INFORMATION PROVIDED START
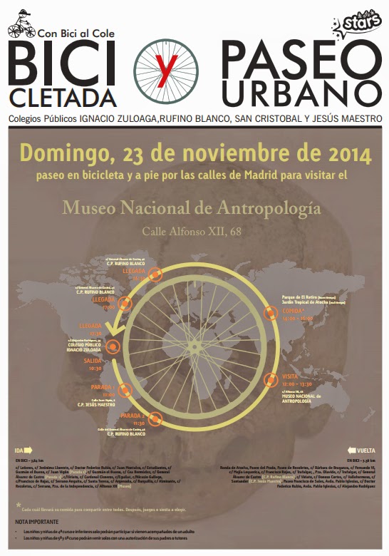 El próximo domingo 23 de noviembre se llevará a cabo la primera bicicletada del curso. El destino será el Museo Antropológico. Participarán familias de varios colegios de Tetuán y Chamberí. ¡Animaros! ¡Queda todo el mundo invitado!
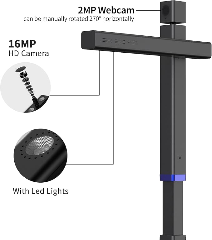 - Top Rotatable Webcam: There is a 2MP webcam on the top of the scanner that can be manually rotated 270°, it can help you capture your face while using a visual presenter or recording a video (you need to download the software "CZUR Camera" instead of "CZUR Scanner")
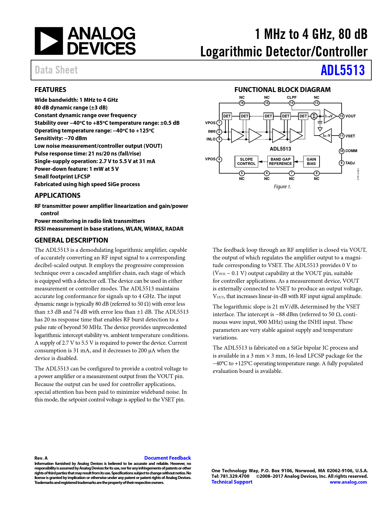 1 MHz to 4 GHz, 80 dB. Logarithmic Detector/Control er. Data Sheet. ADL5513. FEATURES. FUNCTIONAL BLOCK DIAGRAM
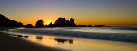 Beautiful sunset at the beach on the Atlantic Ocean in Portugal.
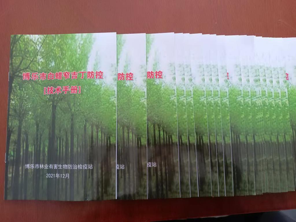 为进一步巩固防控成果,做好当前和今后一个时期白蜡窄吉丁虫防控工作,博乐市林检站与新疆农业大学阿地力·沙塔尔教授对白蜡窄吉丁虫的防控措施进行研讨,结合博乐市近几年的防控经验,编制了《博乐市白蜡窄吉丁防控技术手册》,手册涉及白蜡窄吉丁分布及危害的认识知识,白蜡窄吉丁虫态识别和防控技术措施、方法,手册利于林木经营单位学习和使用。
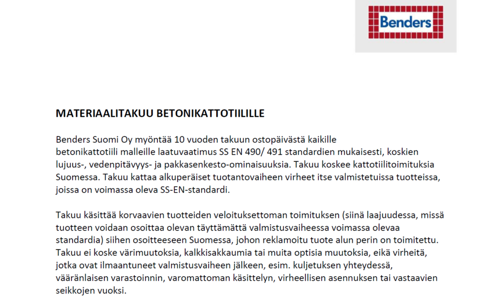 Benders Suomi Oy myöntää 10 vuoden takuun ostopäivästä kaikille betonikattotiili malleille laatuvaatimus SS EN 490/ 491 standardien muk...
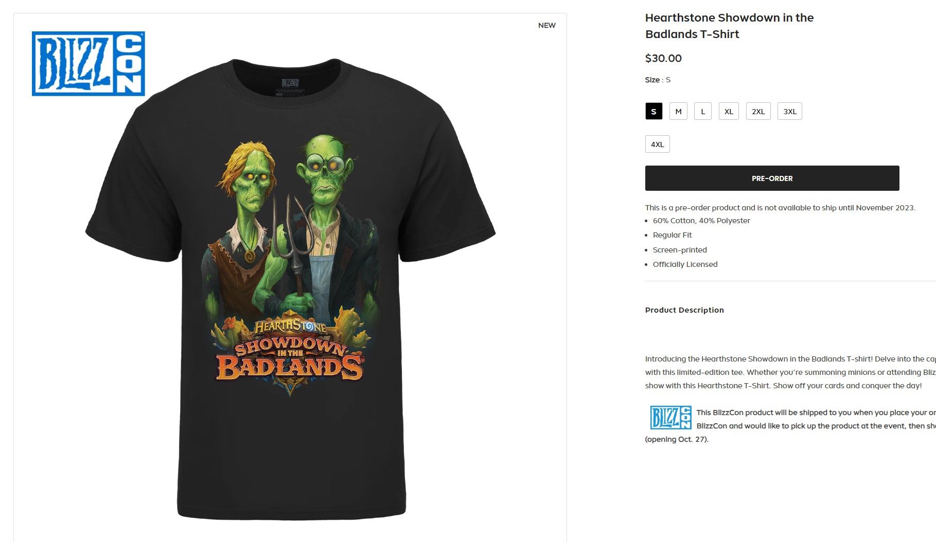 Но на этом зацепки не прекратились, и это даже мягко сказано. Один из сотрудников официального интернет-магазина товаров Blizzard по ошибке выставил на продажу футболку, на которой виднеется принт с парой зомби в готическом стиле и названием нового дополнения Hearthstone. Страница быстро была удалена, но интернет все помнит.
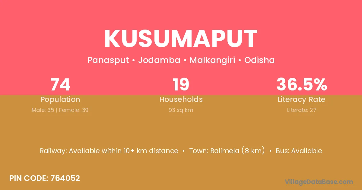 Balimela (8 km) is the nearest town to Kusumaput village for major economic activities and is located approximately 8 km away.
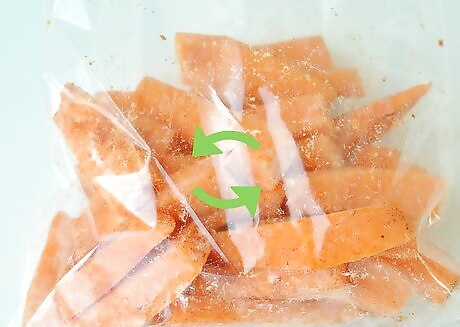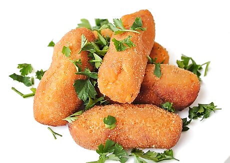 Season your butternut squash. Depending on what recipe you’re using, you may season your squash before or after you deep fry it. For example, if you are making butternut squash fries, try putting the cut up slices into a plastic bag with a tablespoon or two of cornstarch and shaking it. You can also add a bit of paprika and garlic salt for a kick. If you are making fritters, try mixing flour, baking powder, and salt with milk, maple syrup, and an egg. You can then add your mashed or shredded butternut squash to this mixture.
INFORMATION PROVIDED END
WHAT IS BEING ASKED: Take the line containing "Beautiful sunset at" and every line after it up to the end of the entries, and quote them exactly. Both ends count; the pictures do not.

THE COMPLETED TASK:
 Beautiful sunset at the beach on the Atlantic Ocean in Portugal.
 为进一步巩固防控成果,做好当前和今后一个时期白蜡窄吉丁虫防控工作,博乐市林检站与新疆农业大学阿地力·沙塔尔教授对白蜡窄吉丁虫的防控措施进行研讨,结合博乐市近几年的防控经验,编制了《博乐市白蜡窄吉丁防控技术手册》,手册涉及白蜡窄吉丁分布及危害的认识知识,白蜡窄吉丁虫态识别和防控技术措施、方法,手册利于林木经营单位学习和使用。
 Benders Suomi Oy myöntää 10 vuoden takuun ostopäivästä kaikille betonikattotiili malleille laatuvaatimus SS EN 490/ 491 standardien muk...
 Но на этом зацепки не прекратились, и это даже мягко сказано. Один из сотрудников официального интернет-магазина товаров Blizzard по ошибке выставил на продажу футболку, на которой виднеется принт с парой зомби в готическом стиле и названием нового дополнения Hearthstone. Страница быстро была удалена, но интернет все помнит.
 Balimela (8 km) is the nearest town to Kusumaput village for major economic activities and is located approximately 8 km away.
 Season your butternut squash. Depending on what recipe you’re using, you may season your squash before or after you deep fry it. For example, if you are making butternut squash fries, try putting the cut up slices into a plastic bag with a tablespoon or two of cornstarch and shaking it. You can also add a bit of paprika and garlic salt for a kick. If you are making fritters, try mixing flour, baking powder, and salt with milk, maple syrup, and an egg. You can then add your mashed or shredded butternut squash to this mixture.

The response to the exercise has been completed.